What exists as daily output are surface temperature and surface salinity (and a bunch of atmos variables that you showed above):

parse_iids = [
    ...:     'CMIP6.HighResMIP.MOHC.HadGEM3-GC31-HH.*.*.Oday.*.gn.*',
    ...: ]
    ...: iids_dict = {}
    ...: search_nodes = [
    ...:     "https://esgf-node.ipsl.upmc.fr/esg-search/search",
    ...:     "https://esgf-index1.ceda.ac.uk/esg-search/search",
    ...:     ]
    ...: for node in search_nodes:
    ...: 
    ...:     iids = []
    ...:     for piid in parse_iids:
    ...:         iids.extend(parse_instance_ids(piid, search_node="https://esgf-node.ipsl.upmc.fr
    ...: /esg-search/search"))
    ...:     iids_dict[node] = iids
    ...: iids_dict
{'https://esgf-node.ipsl.upmc.fr/esg-search/search': ['CMIP6.HighResMIP.MOHC.HadGEM3-GC31-HH.control-1950.r1i1p1f1.Oday.tossq.gn.v20200514',
  'CMIP6.HighResMIP.MOHC.HadGEM3-GC31-HH.control-1950.r1i1p1f1.Oday.tos.gn.v20200514',
  'CMIP6.HighResMIP.MOHC.HadGEM3-GC31-HH.highres-future.r1i1p1f1.Oday.tossq.gn.v20200514',
  'CMIP6.HighResMIP.MOHC.HadGEM3-GC31-HH.control-1950.r1i1p1f1.Oday.sos.gn.v20200514',
  'CMIP6.HighResMIP.MOHC.HadGEM3-GC31-HH.highres-future.r1i1p1f1.Oday.tos.gn.v20200514',
  'CMIP6.HighResMIP.MOHC.HadGEM3-GC31-HH.highres-future.r1i1p1f1.Oday.sos.gn.v20200514'],
 'https://esgf-index1.ceda.ac.uk/esg-search/search': ['CMIP6.HighResMIP.MOHC.HadGEM3-GC31-HH.control-1950.r1i1p1f1.Oday.tossq.gn.v20200514',
  'CMIP6.HighResMIP.MOHC.HadGEM3-GC31-HH.control-1950.r1i1p1f1.Oday.tos.gn.v20200514',
  'CMIP6.HighResMIP.MOHC.HadGEM3-GC31-HH.highres-future.r1i1p1f1.Oday.tossq.gn.v20200514',
  'CMIP6.HighResMIP.MOHC.HadGEM3-GC31-HH.control-1950.r1i1p1f1.Oday.sos.gn.v20200514',
  'CMIP6.HighResMIP.MOHC.HadGEM3-GC31-HH.highres-future.r1i1p1f1.Oday.tos.gn.v20200514',
  'CMIP6.HighResMIP.MOHC.HadGEM3-GC31-HH.highres-future.r1i1p1f1.Oday.sos.gn.v20200514']}
rsignell commented 4 months ago

@jbusecke , OMG. I'm so sorry for this wild goose chase.
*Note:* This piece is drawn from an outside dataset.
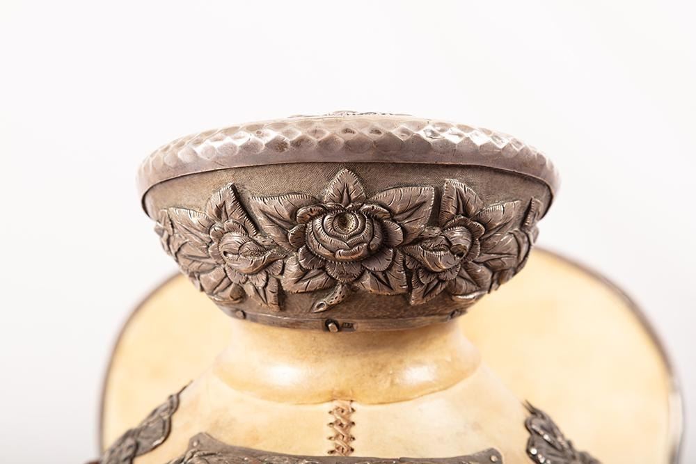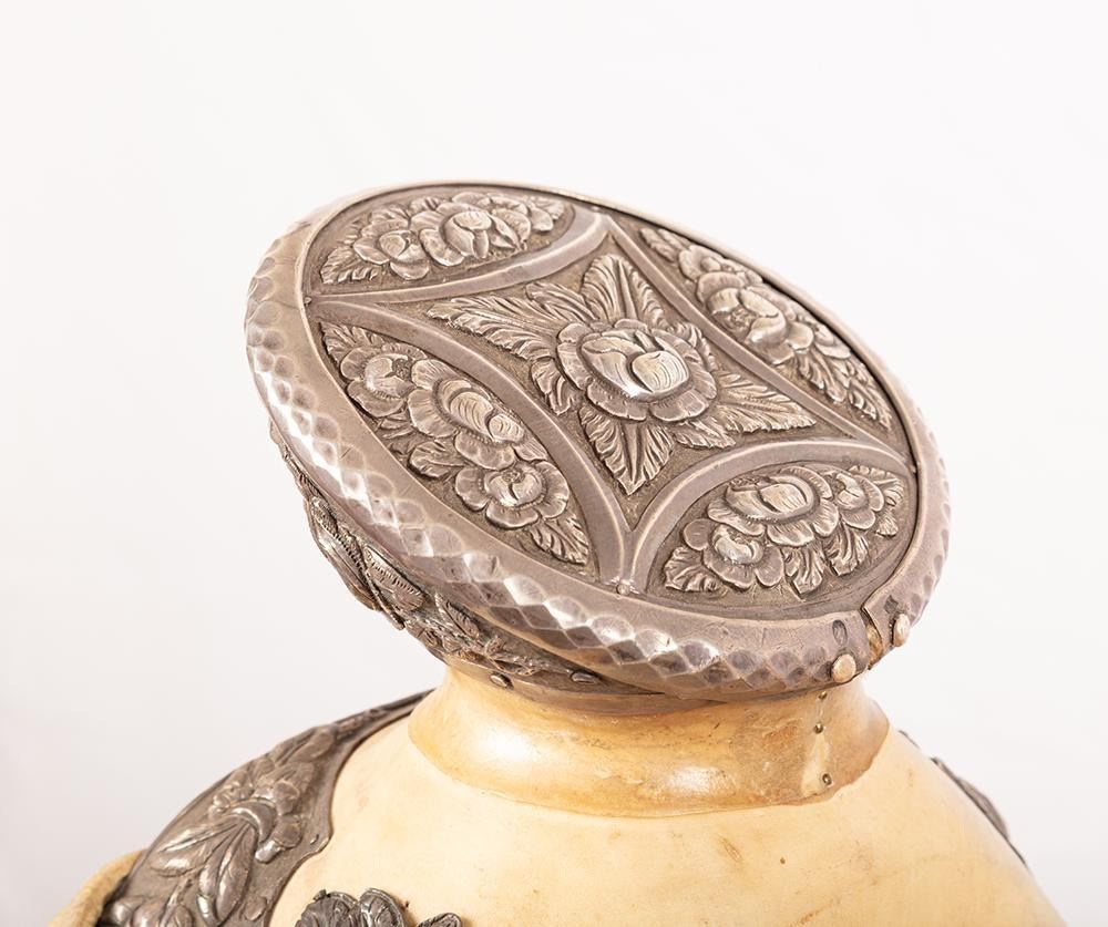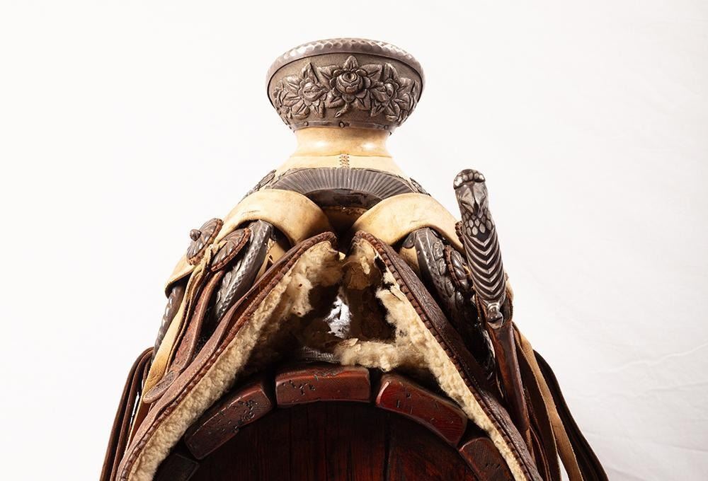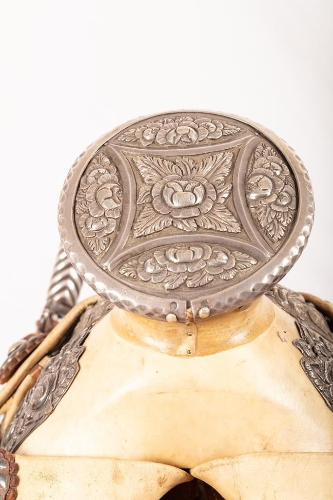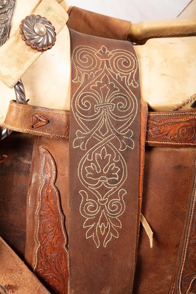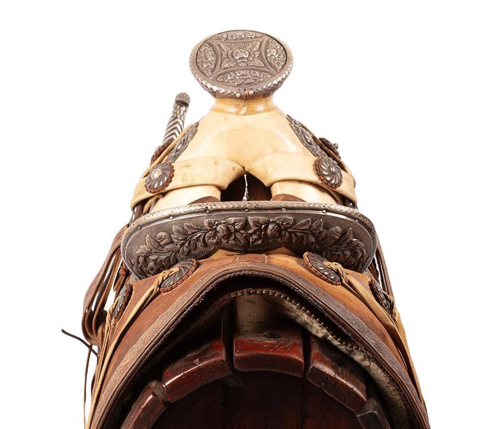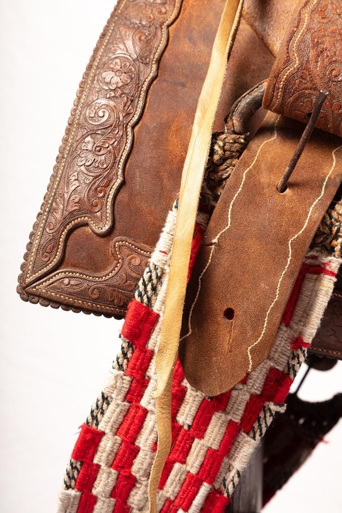 Rawhide seat and tree. Silver sword in scabbard with an eagle and snake effigy. Sword embossed with desert vaquero scene and inscription: Hecho en Mexico for Emanuel Valencia. On other side: "Cuidate de los toros, por Deladte; de las molas por detras; de los perros por los lados y de los medicos, curas y abogados por delate por detras y por los lados. ING Antonio Gutierrez, Prieto." Translated to: Beware of the bulls ahead, of the mules behind, of the dogs on the side, and of the doctors, priests and lawyers in front, behind and on the sides."

You are correct -- If I search the CEDA node for so, there are only monthly files: image

Why isn't there an egg-on-face emoticon?

jbusecke commented 4 months ago

🥚🙈

jbusecke commented 4 months ago

FWIW the goose chase shamed me into adding some more CI and actually fixing the square bracket extension. So you can now search for a subset of facet values (or several) in a single string like this:

from pangeo_forge_esgf.parsing import parse_instance_ids

parse_iids = [
    'CMIP6.HighResMIP.*.HadGEM3-GC31-HH.*.*.*.[so, thetao, some_other_stuff].gn.*',
]
iids = []
for piid in parse_iids:
    iids.extend(parse_instance_ids(piid))
iids
jbusecke commented 4 months ago

Ill close this now.

rsignell commented 4 months ago

Thanks for being understanding and kind here @jbusecke !!